By issuing updated Ministerial Decision No. (301) of 2024 on tax groups for the purposes of Federal Decree-Law No. 47 of 2022 on the Taxation of Corporations and Businesses and an updated Ministerial Decision No. (302) of 2024 on the Participation Exemption and Foreign Permanent Establishment Exemption for the purposes of the same Decree-Law, the UAE Ministry of Finance has announced changes to its current Ministerial Decisions.
These revisions offer important clarifications and administrative relief to improve compliance and strengthen the UAE’s standing as a top international business destination.
The revised Ministerial Decision offers a number of administrative reliefs and explanations for companies creating tax groups, and it will be applicable to Tax Periods starting on or after January 1, 2025.

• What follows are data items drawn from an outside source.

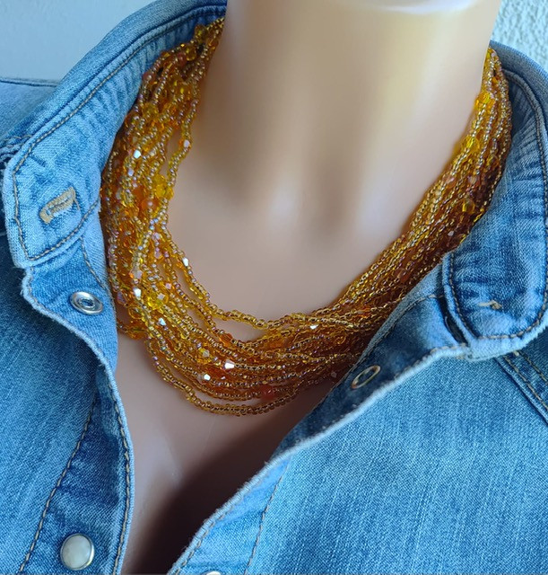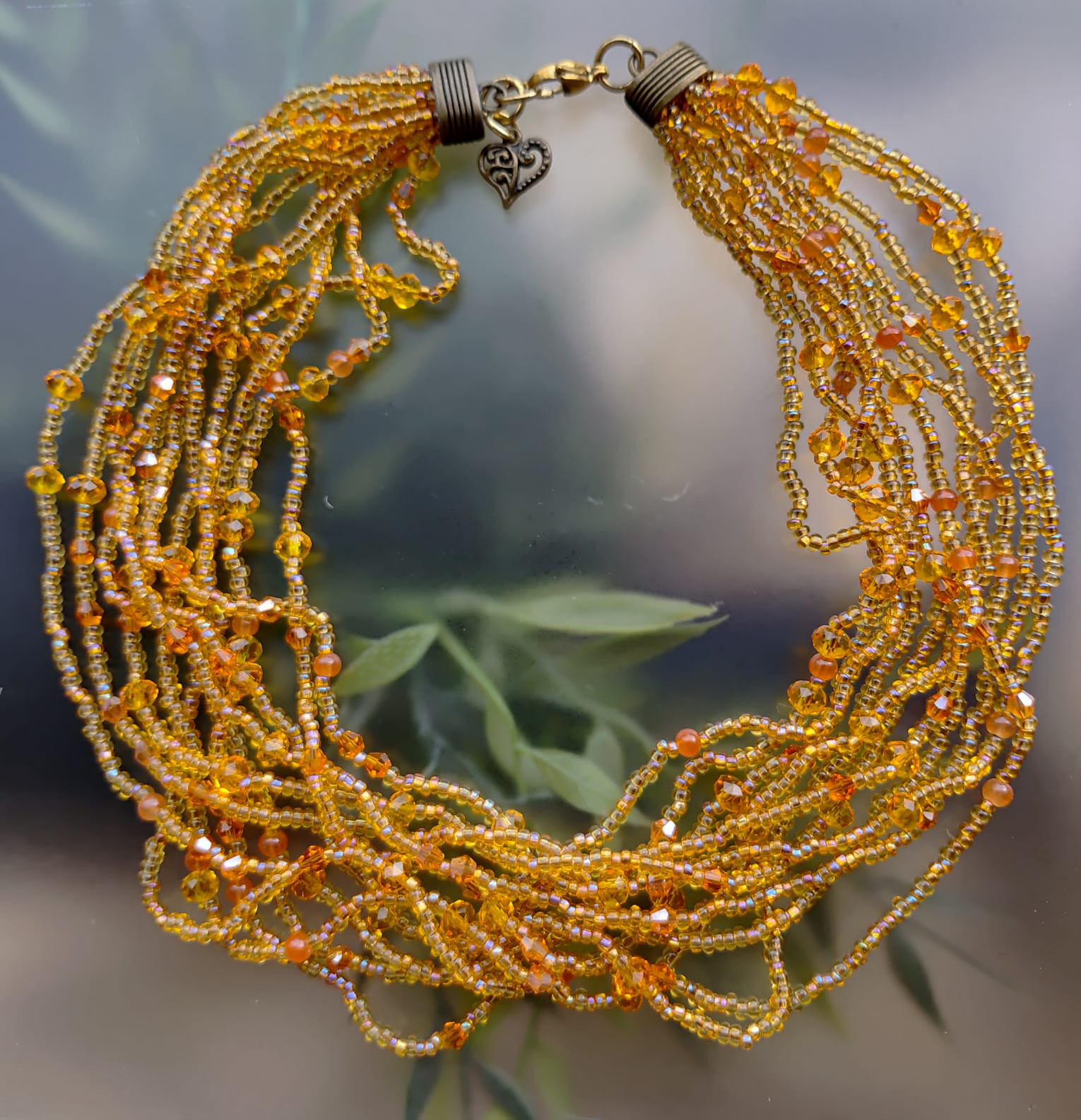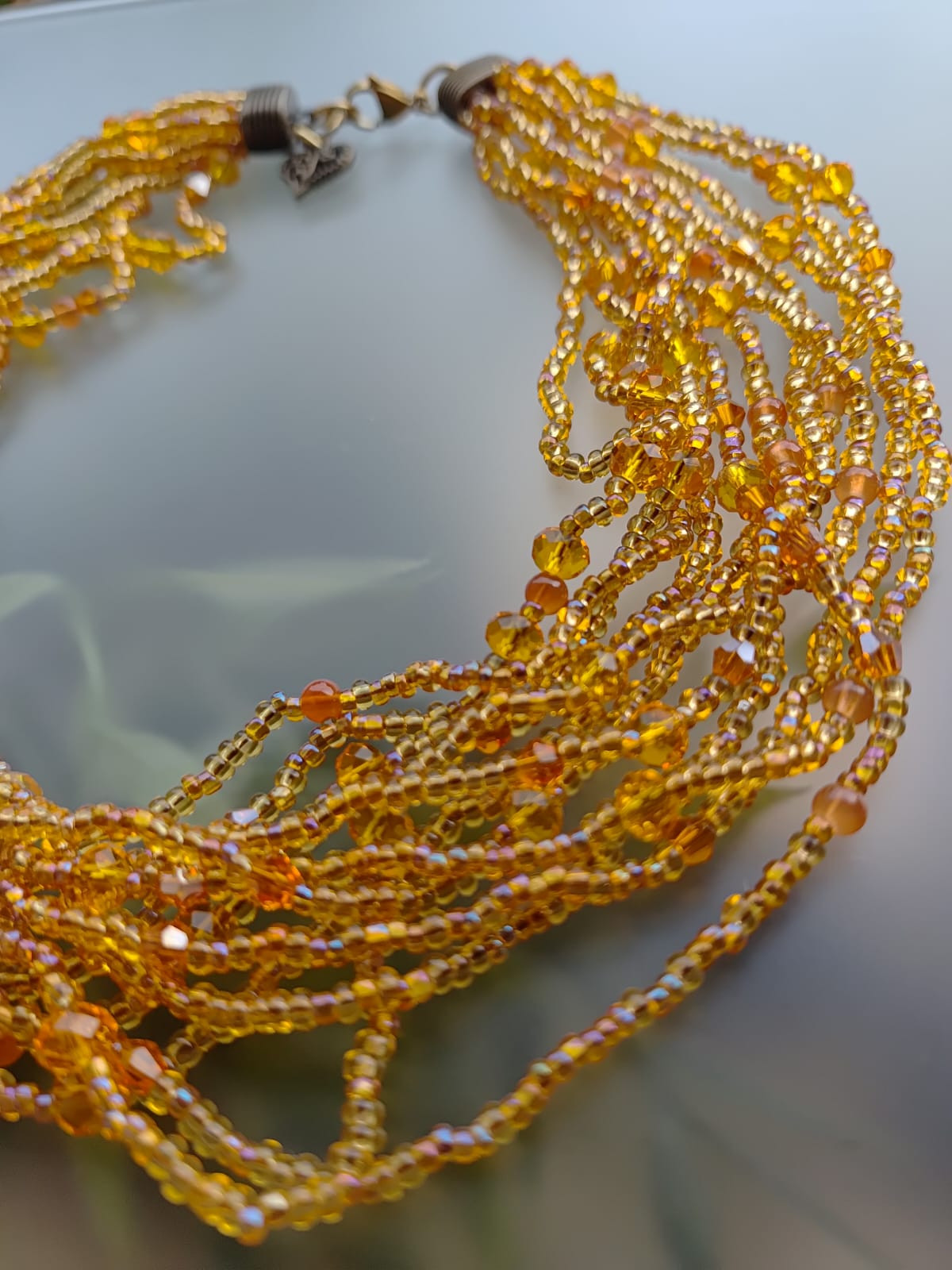 Naszyjnik z kryształków szklanych fasetowanych oponek 7 mm. Koraliki drobne w podobnym bursztynowym kolorze 2 mm, Wykończenie naszyjnika z metalu, końcówki w kolorze brązu i zapięcie ze stali nierdzewnej w kolorze złotym. Objętość 45 cm
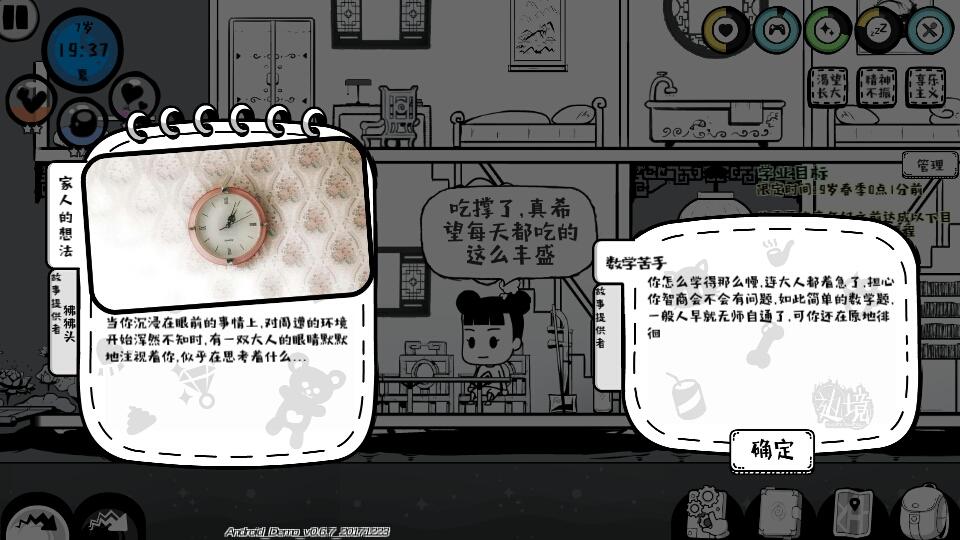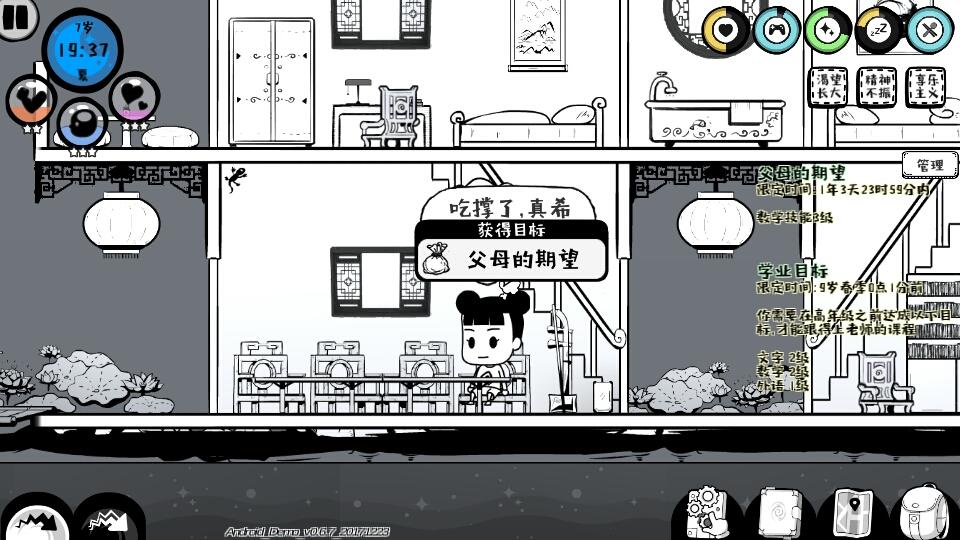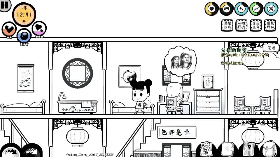 父母到也是恨铁不成钢,第一次期望我音乐三级(与特长生要求一样),本来我的主角是没有什么音乐资质的,我连着小学不上课忘交一次作业,挨打挨骂地在约定时间前达到了音乐三级(获得50块奖励,家庭关系略增加。不过此时身为7岁的主角已经一身疲倦一身病了,并搞出了一行负面buff:厌食 假装修仙 精神不振 心理压力 略有不适等等。)
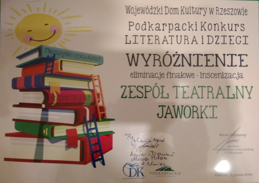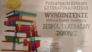 Wczoraj zespół „Jaworki” , na deskach Wojewódzkiego Domu Kultury w Rzeszowie prezentując swoją inscenizację "Bursztynową koronę", opowiedział widzom o losach Mikołajka, który za swoje niegrzeczne zachowanie został ukarany przez Władcę Bałtyku. Król morza zamienił go w mikołajka nadmorskiego, w piękną chronioną roślinę. Uczniowie za swoją prezentację dostali wyróżnienie. Zespół otrzymał dyplom, książkę i zaproszenie na Galę Laureatów, która odbędzie się 17 grudnia 2018 Wojewódzkim Domu Kultury w Rzeszowie.
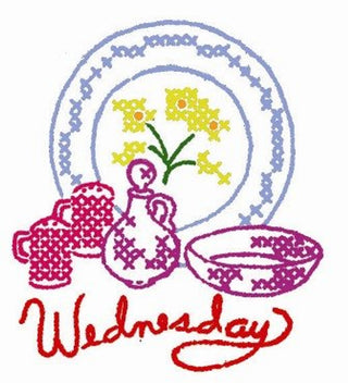 #3951 Snowmen Tea Towels – Aunt Martha’s® Days of the Week Embroidery Transfer
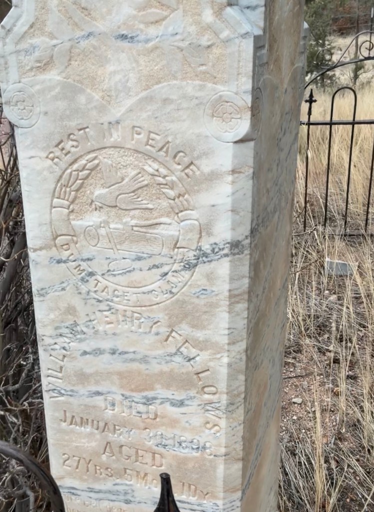 The Silver Cliff Rustler Newspaper printed a story about William Henry Fellows, brother to Oscar. The paper stated that Will was 26, when a telegram bought sad news that he was dying. His brother James and his father in law, JA Smith, started immediately for Idaho Springs but made it too late and arrived after he had already passed. His body was sent to Hillside, Colorado arriving on a Tuesday. Funeral services were February 2, 1898 and well attended by friends.
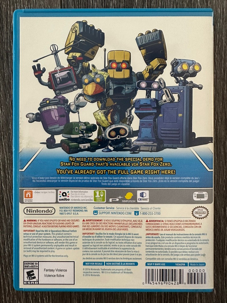 Platform:Nintendo Wii URegion Code:NTSC-U/C (US/Canada)Release Year:2016Rating:E10+ (Everyone 10+)gtin13:045496904289Publisher:NintendoGame Name:Star Fox GuardCountry of Origin:United StatesManufacturer Warranty:NoneFeatures:MultiplayerCustom Bundle:NoGenre:Fighting & ShootingMPN:WUPRAPKESub-Genre:Boxing, Car Racing, Extreme Sports, Martial Arts, Mixed SportsVideo Game Series:Star Fox Guard Nintendo Wii U GameUPC:045496904289
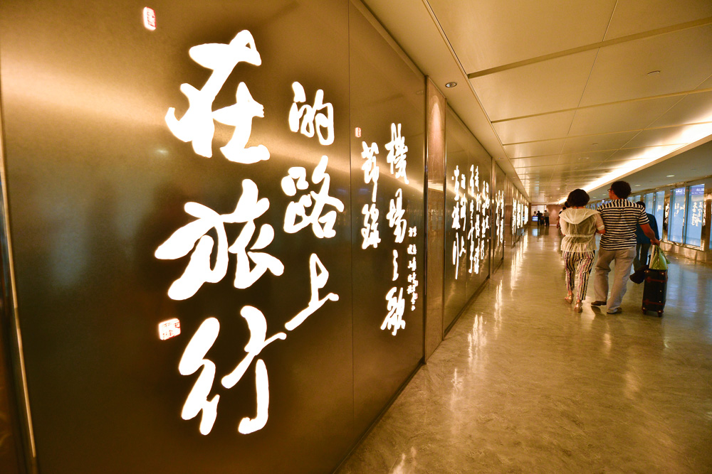 為了呼應第一航廈極力強化的本土特色,昇恆昌請來以中國詩詞風聞名華人音樂界的創作人方文山,譜寫體現台灣在地人文風景及濃情熱意的〈在旅行的路上〉一詞,再由知名書法家朱振南揮毫書寫,並結合LED燈光、壓克力板及金屬板等3種媒材,在登機長廊的入口處,設置名為「文學之牆」的大型裝置藝術作品。
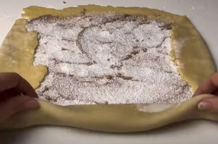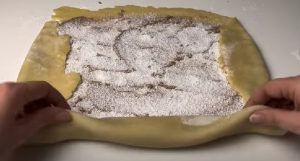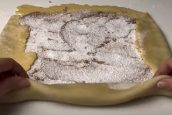 Těsto dejte na mírně pomoučněný vál a rozdělte ho na 2 části. Z každé uválejte tenkou obdélníkovou placku. Potřete ji sladkou kaštanovou náplní a posypejte trochou kokosu. Můžete ale zvolit libovolnou náplň, kterou máte rádi. Nerovné okraje přehněte dovnitř, díky čemuž vám vznikne pravidelný obdélník. Ten srolujte a dejte na plech vyložený pečicím papírem.
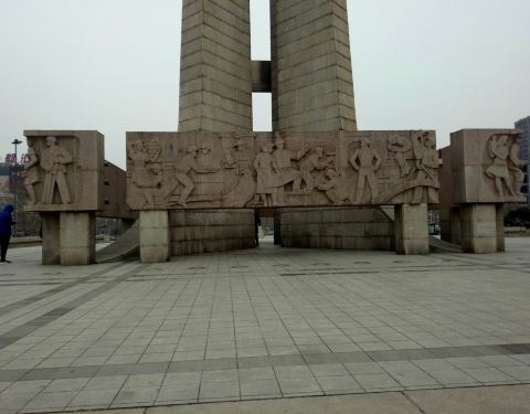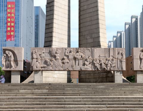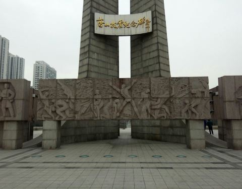 唐山抗震纪念碑广场位于市中心,北侧是百货大楼,西侧是万达广场。纪念碑高 33米,由4根碑柱组成,外围由8 幅浮雕组成,象征着人定胜天和全国四面八方的支援。纪念碑的西边就是抗震纪念馆。
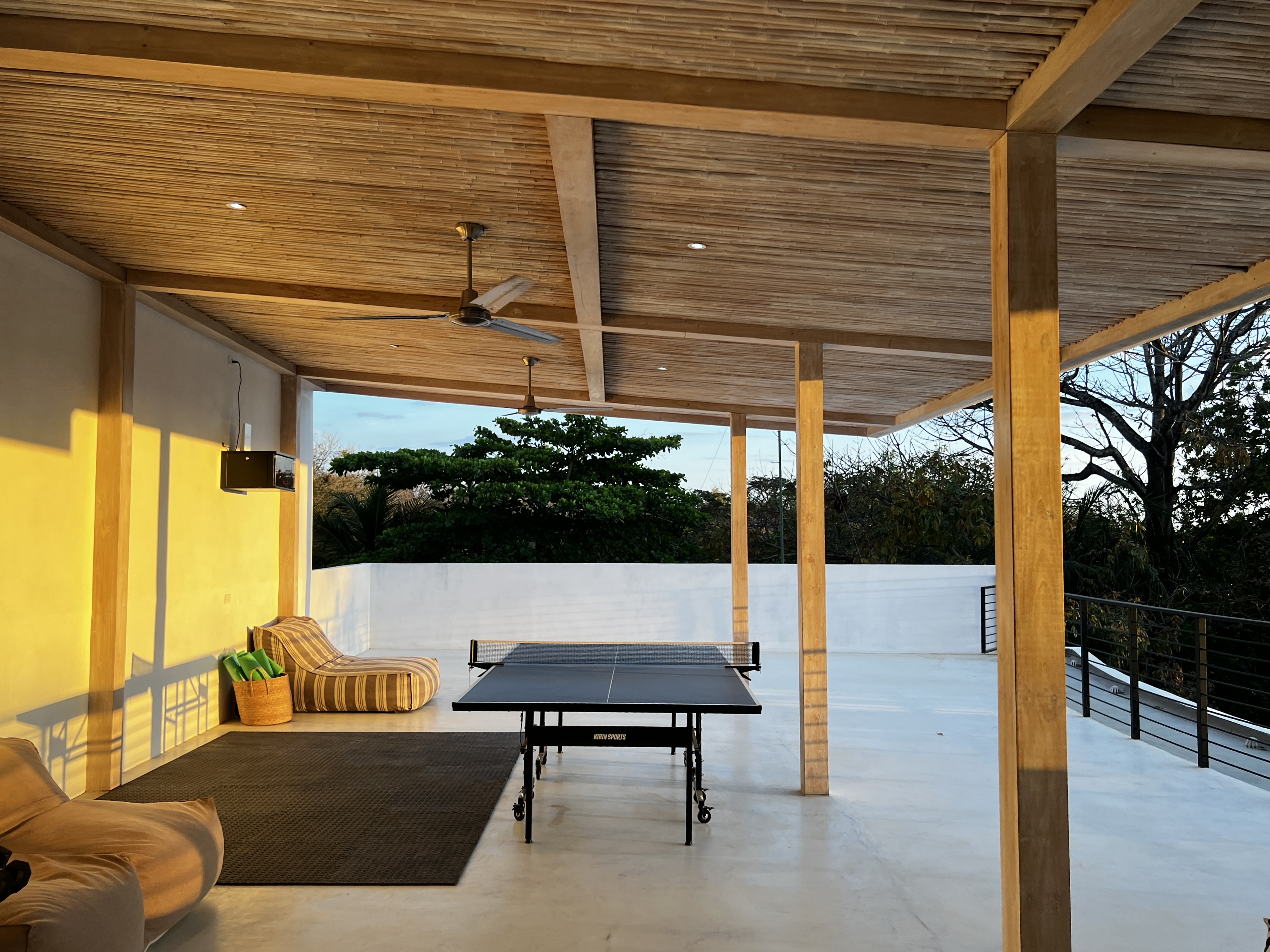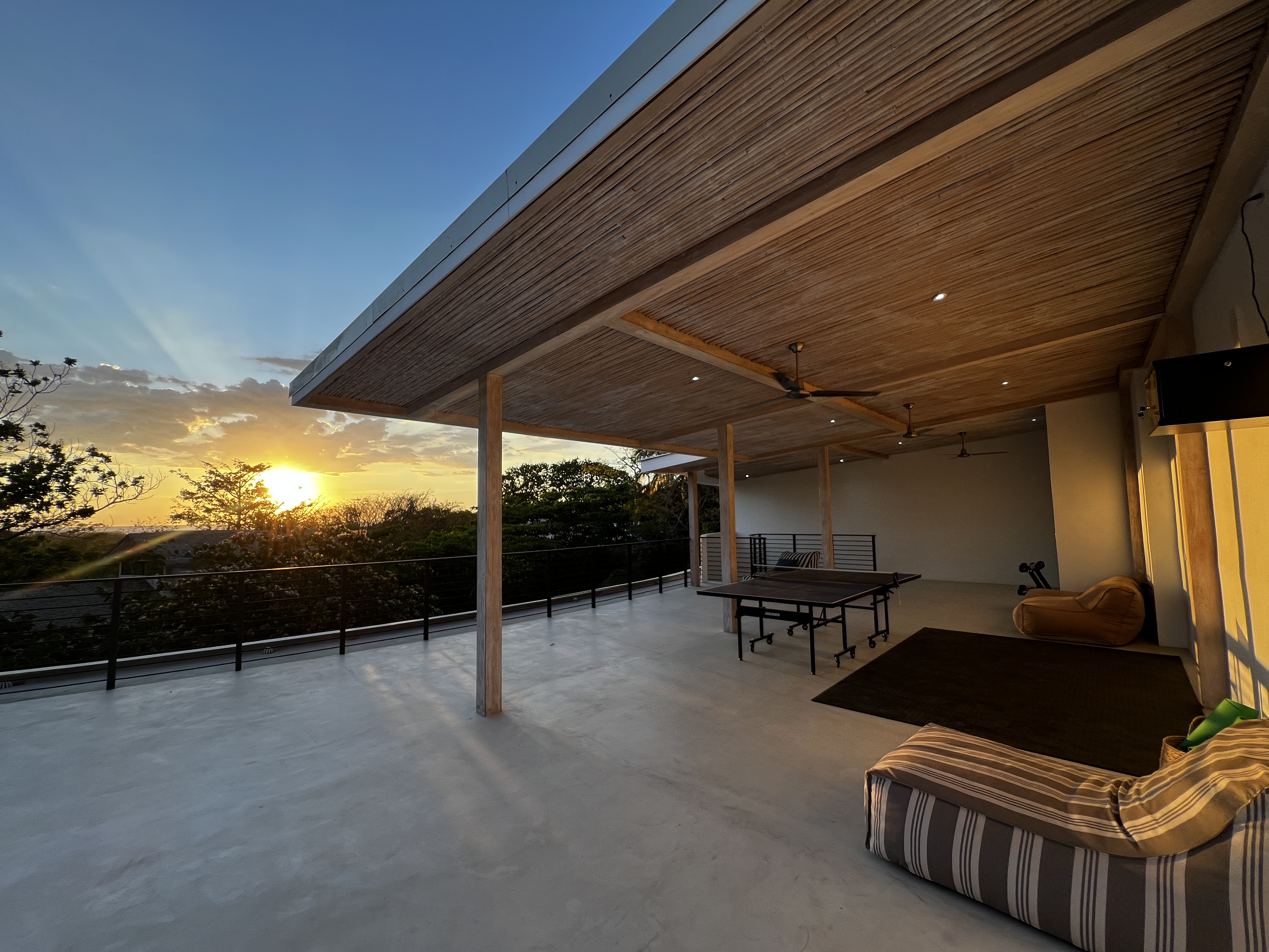 The crown jewel of this home lies on the top-floor ocean view terrace. This expansive space is perfect for morning yoga sessions, ping-pong matches or simply relaxing with a glass of wine as you take in breathtaking sunset views over the lush canopy. It’s the ideal spot for memorable evenings with friends, creating lasting memories in your own private escape.
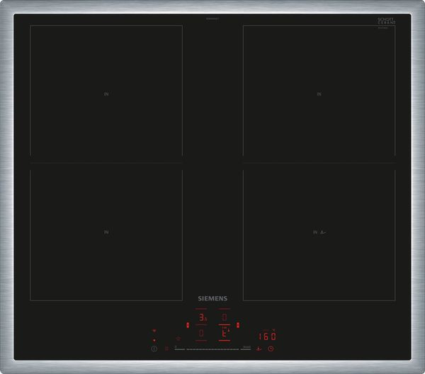 Das autarke Induktionskochfeld ED645HQC1E von Siemens stellt vier Kochzonen mit 17 Leistungsstufen und PowerBoost-Funktion zum Kochen, Braten und Dünsten zur Verfügung. Mit Kombi-Induktion lassen sich ganz einfach per Fingerdruck über die Kombi-Zone zwei Induktionszonen miteinander verbinden, um eine größere Kochfläche zu schaffen. Der Bratsensor Pro sorgt dabei für Kochen ohne Anbrenngefahr. Die touchSlider-Bedienung ermöglicht die Einstellung der Leistungsstufe mit nur einem Finger. Das ED645HQC1E lässt sich zudem smart via Home Connect App steuern und in Kombination mit einer entsprechenden Dunstabzugshaube passt sich diese automatisch dem Kochfeld an. Mit der Favoriten-Taste kann man das Kochfeld ganz individuell nach den eigenen Wünschen einstellen und sogar sein Smart Home steuern. In puncto Sicherheit überzeugt das ED645HQC1E mit einer Restwärmeanzeige, einer Kindersicherung und einer Sicherheits-Zeitabschaltung.
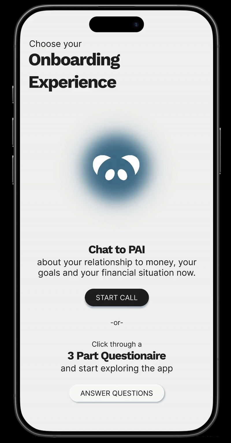 Mobile app screen for onboarding experience with options to chat with PAI about finances or complete a questionnaire, featuring a panda icon in the center.
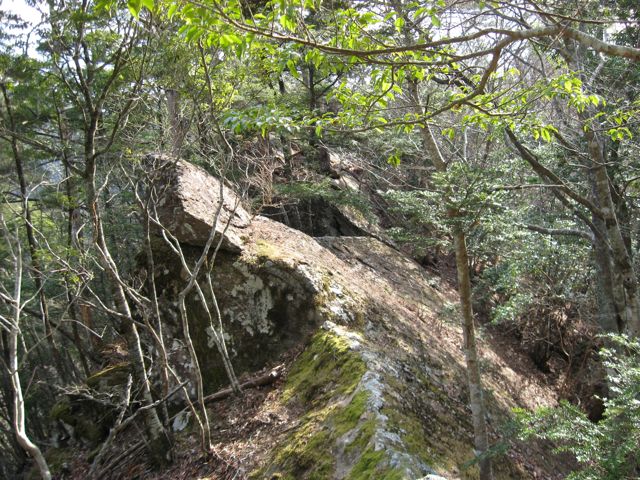 この石碑から岩場と落ち葉の急斜面を無理矢理よじ登って行くと(約300m)段々踏み跡がはっきりした登りとなり、

By facilitating the compliance procedures necessary to prove that they are not tax residents in another jurisdiction, the amended provisions streamline the requirements placed on foreign juridical persons that are deemed Resident Persons in the United Arab Emirates, as well as juridical persons established in the United Arab Emirates but that are effectively managed and controlled outside the country.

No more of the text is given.